In previous posts, AMAX engineers explored how NVIDIA® Riva enables real-time, on-prem speech recognition for enterprise workloads. As that work progressed into real customer-like scenarios, one challenge became increasingly clear: audio quality matters as much as model quality.
This is where NVIDIA Maxine™ SDK plays a critical role.
Maxine provides GPU-accelerated audio enhancement capabilities such as Acoustic Echo Cancellation (AEC) and Background Noise Removal (BNR). In this post, AMAX engineers share how we integrated Maxine SDK into our existing Riva-based voice AI pipeline, the architectural decisions involved, and what we learned while deploying it in real-world environments.

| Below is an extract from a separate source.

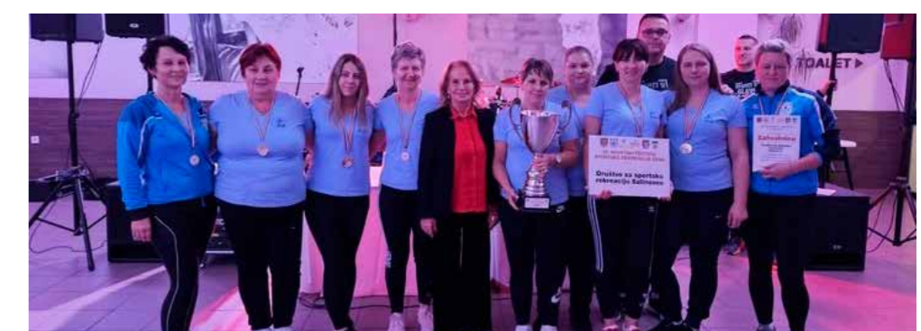
Ekipa DSR-a Salinovec pobjednica državnog festivala

istaknuo je da je UŠR Stažnjevec najnagrađivanija ivanečka udruga u sportskoj rekreaciji te da je Grad Ivanec iznimno ponosan na domaćinstvo ovoga festivala. Svim rekreativkama poželio je da se kući vrate s dobrim rezultatima i lijepim uspomena.

Why Audio Enhancement Matters in Enterprise Voice AI
Most speech recognition models assume reasonably clean input audio. In practice, enterprise voice workflows introduce challenges such as:
- Far-end audio leaking into the microphone path
- Laptop speakers causing echo loops
- HVAC, keyboard, and ambient noise
- Variability across devices and operating systems
During early testing, AMAX engineers observed that these issues could cause:
- Increased transcription fragmentation
- Delayed stabilization of interim results
- Reduced accuracy on domain-specific terminology
Rather than attempting to compensate for these issues purely at the ASR layer, we explored audio pre-processing using NVIDIA Maxine SDK.
Overview of NVIDIA Maxine SDK
NVIDIA Maxine SDK is a collection of GPU-accelerated audio and video enhancement libraries designed for real-time communication applications. For voice AI workloads, two capabilities are particularly relevant:
- Acoustic Echo Cancellation (AEC) – removes far-end audio from near-end microphone signals
- Background Noise Removal (BNR) – suppresses ambient noise while preserving speech quality
Maxine SDK is delivered as a C++ SDK and runs on both Windows and Linux systems. Unlike cloud-based audio processing services, Maxine operates entirely on-prem and can be integrated directly into existing real-time pipelines.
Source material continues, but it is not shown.